Five years later, I am still waiting (although I do have a website now, hurrah!), so maybe it is time for another change, especially since the Eye Clinic have sent me a letter threatening me with impending blindness if I don't get my eyes tested right this instant - and enclosing the sweetener of a £30-off-your next-spectacles coupon.
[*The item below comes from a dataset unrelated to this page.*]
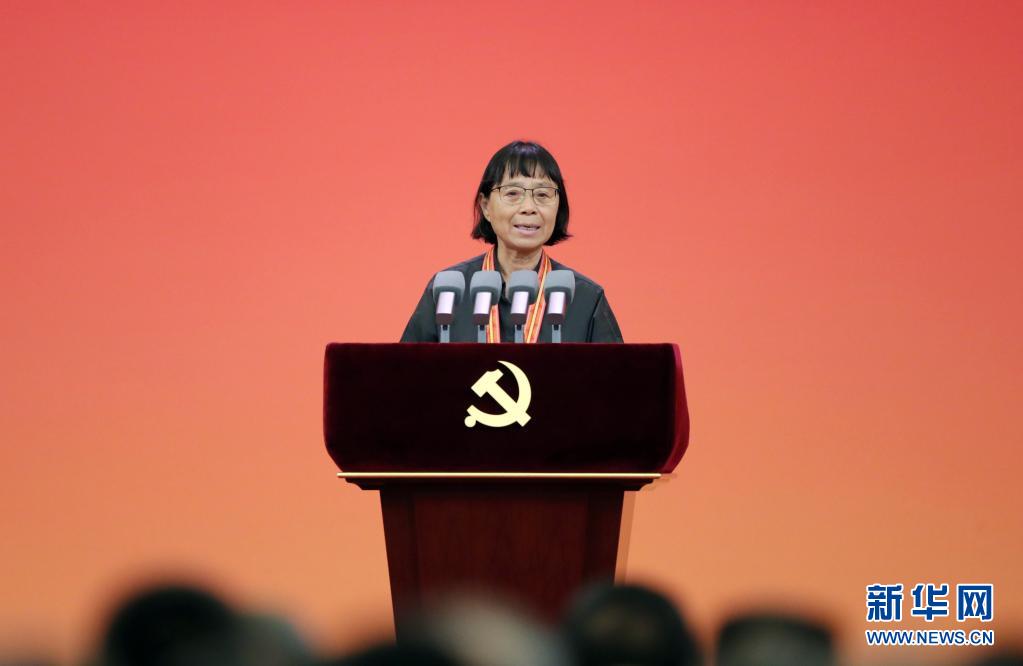 6月29日,庆祝中国共产党成立100周年“七一勋章”颁授仪式在北京人民大会堂金色大厅隆重举行。这是仪式上,云南省丽江华坪女子高级中学党支部书记、校长张桂梅代表“七一勋章”获得者发言。新华社记者 姚大伟 摄

So what style will I go for next? Because that is the other advantage of being short-sighted: by simply changing your face furniture you can adopt a completely different persona, just like Mr Benn with his outfits. This time round, I might go for something glass-framed in the style of Mr Sven-Goran Eriksson, and then I will be able to spend a day managing the England football team. Or maybe some massive early-1970s horn-rimmed affairs, so I can be Henry Kissinger for an afternoon.
Or maybe I will just take my glasses off and enjoy the rather hazy view. Which reminds me- I must go over to the photocopier and see if that giant brightly-coloured cat has any documents for me. It is so exciting, being short-sighted. You will all have to try it some time.